You’ve likely seen the headlines the last few days. In our local paper, the Los Angeles Times’ “Pesticides suspected in mass die-off of bees“ discussed mounting evidence that pesticides negatively impact bees. I’ve written two prior posts on the collateral damage of pesticides on wildlife – this one addresses human health effects. I think my aversion to pesticides started when my father would get out the can of Raid and spray it on the wasps attracted to our plates of food when we ate outside on hot summer days in Chicago. That led to many a battle between us. If he was still alive, I’m sure we would have a lively discussion on the mounting evidence. Anyway, back to the article.
Below are some references to pesticide effects on human health:
My Takeaway: As I’ve said in my last post Go Organic to Save the Bees buy organic to avoid pesticide use in foods. Use pesticides (including Roundup) sparingly and avoid being near pesticide spray use in agricultural areas.
Parkinson’s Disease A Sierra magazine article called “Pesticide Alley” found statistical links between pesticides and Parkinson’s disease in California farming areas. Some highlights:
- Many of the pesticides used in the U.S. and developing countries are banned in Europe.
- Research by UCLA epidemiologist Beate Ritz found that residents who consumed private well water and lived within 500 feet of farmland with documented long-term pesticide use were almost twice as likely to get Parkinson’s disease.
- Previous research on Dept of Agriculture and EPA samples taken from over 250 wells in 16 states showed nearly half (45%) contained pesticides. In addition, the author of the article took 10 samples from private wells in the California agricultural area – toxicity tests revealed pesticide traces in 6 of 10 samples from private water wells. Five contained three or more herbicides, one contained residues of five weed killers.

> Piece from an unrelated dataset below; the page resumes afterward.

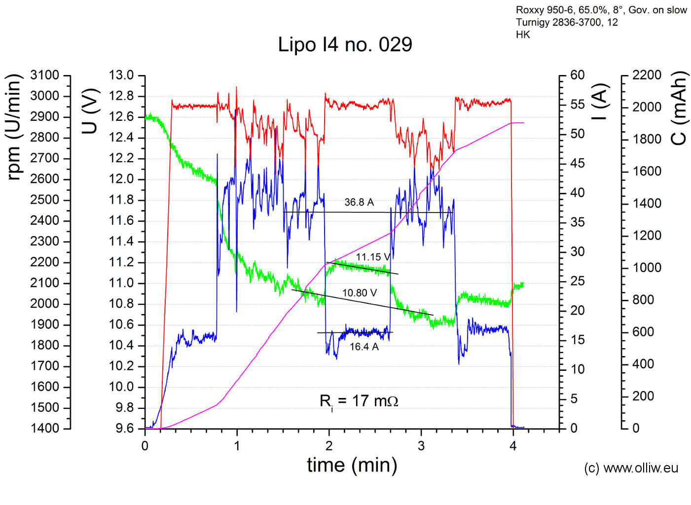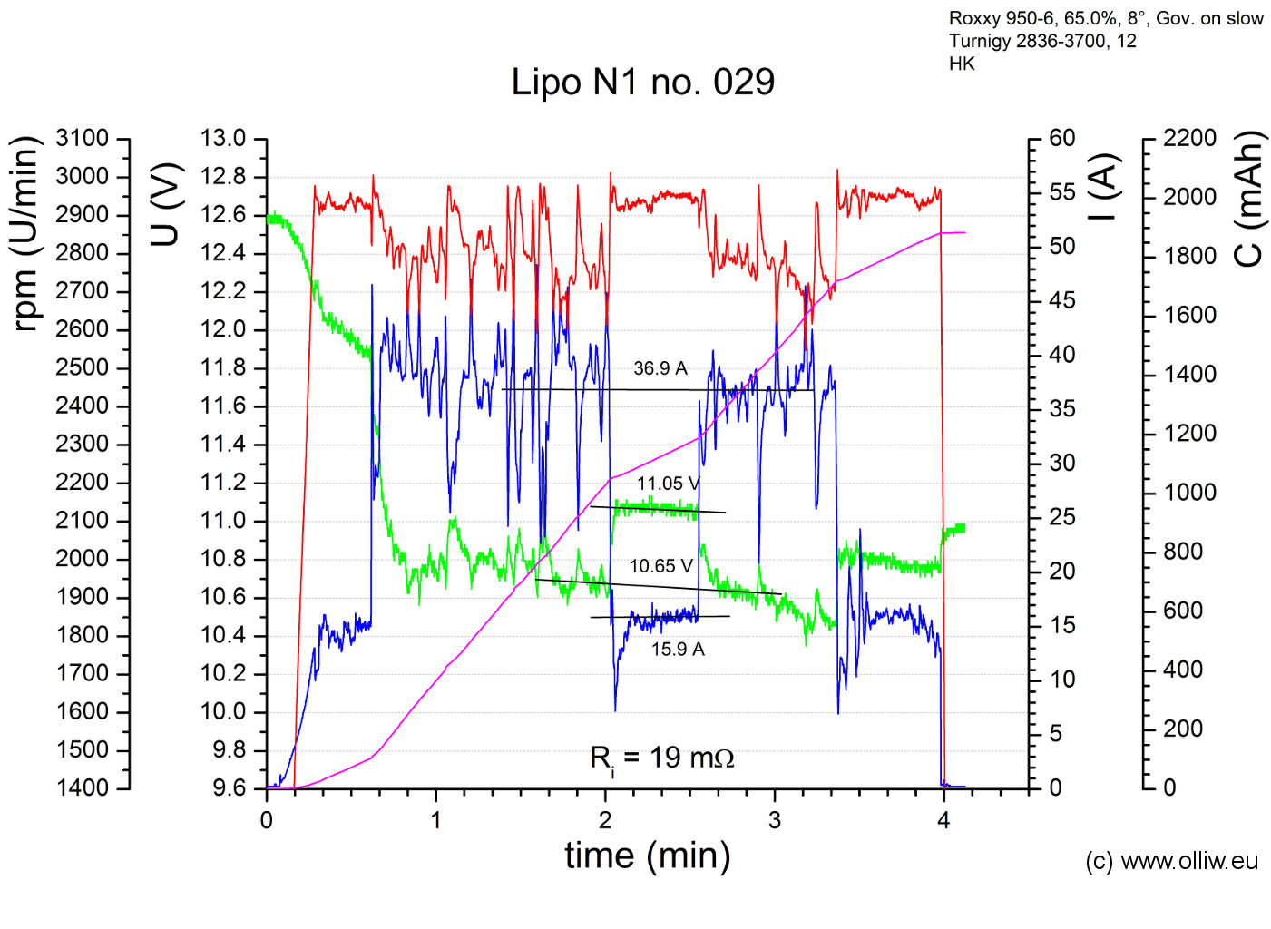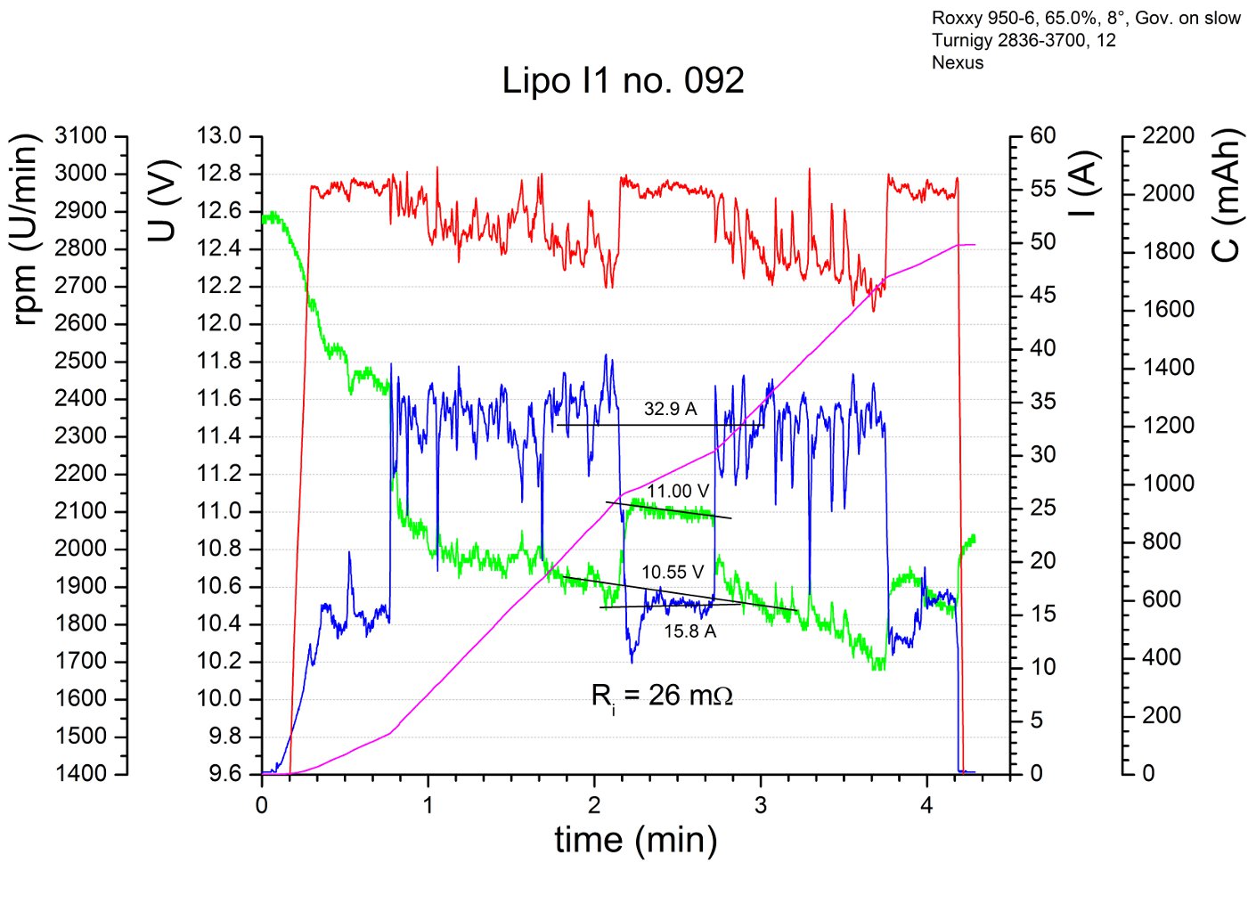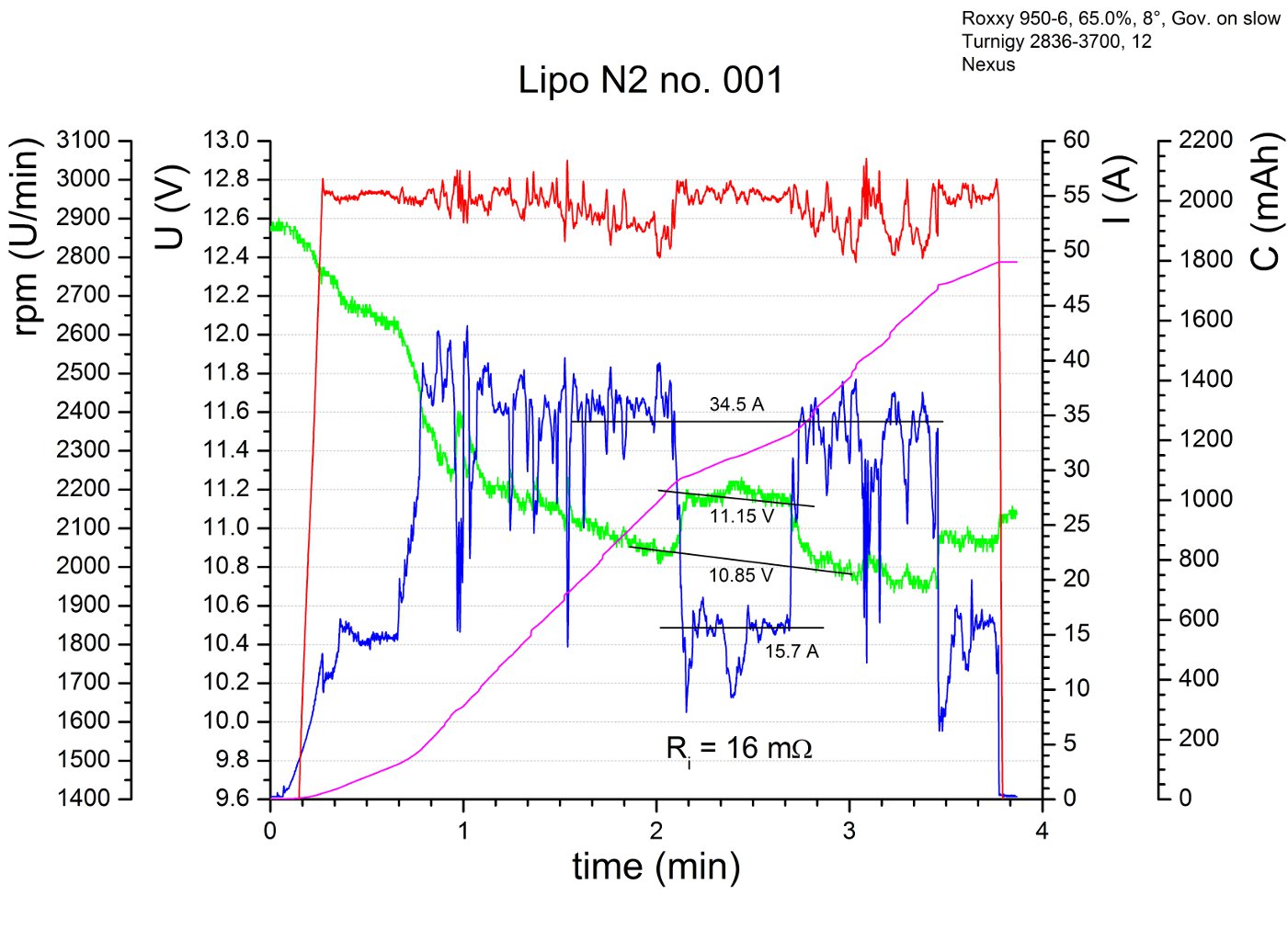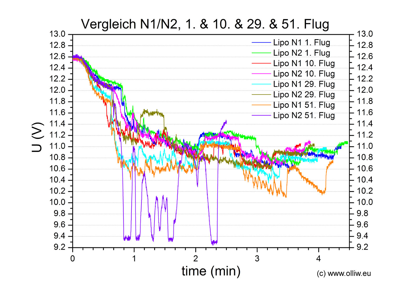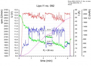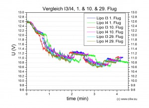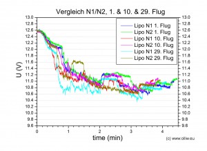 Wenn sich die beiden Lipos eines Pärchens in meinen Augen ähnlich verhalten, was ich denke der Regelfall sein wird, dann werde ich nur die Flugdaten eines Lipos zeigen. D.h., solange ich nicht explizit etwas anders sage, halte ich die gezeigten Ergebnisse für das Pärchen repräsentativ.

“Our results indicate that systematic testing for [male hormone blocking] activity of currently used pesticides is urgently required.” U of London scientists
Effects on male hormones: Tests on 37 widely used pesticides revealed that 30 of them blocked or mimicked male hormones, according University of London toxicology scientists led by Professor Andreas Kostenkamp. “Our results indicate that systematic testing for anti-androgenic activity of currently used pesticides is urgently required,” the scientists wrote in the study published online Feb. 10 in Environmental Health Perspectives. Sixteen of the 30 had no known hormonal activity, and are not included in a screening program being undertaken by the U.S. EPA. Most are fungicides applied to fruit and vegetable crops, including strawberries and lettuce. Traces of the chemicals remain in foods. The most potent compound tested in terms of blocking androgens was the insecticide fenitrothion, an organophosphate insecticide used on orchard fruits, grains, rice, vegetables and other crop.
Roundup Concerns: Scientists from the U.S. Geological Survey (USGS) have found significant levels of the commonly used glyphosate (Roundup) in air and water samples in Mississippi and Iowa. They said glyphosate is commonly found in rain and rivers in agricultural areas in the Mississippi River watershed. (Note: agricultural use of Roundup has increased from less than 11,000 tons in 1992 to over 88,000 tons in 2007.) Click here for the Roundup research (Aug 2011). Also, Earth Open Source posted “Roundup and birth defects: Is the public being kept in the dark?” , a report by a group of international scientists and researchers. The report cites 359 science papers and other articles/reports, and shares known documentation that Roundup causes birth defects in experimental animals, sometime even at low doses.
Other Health Problems: A growing body of research is linking exposure to toxic and persistent pesticides to a range of health problems, including developmental disorders, ADHD, lower IQs, and even cancer. A study published Oct. 7, 2011, in Environmental Health Perspectives showed negative effects on human growth. The study took blood samples from 50 Russian elementary-school-aged boys, and found those with the highest pesticide concentrations were more likely to grow less than those with lower concentrations.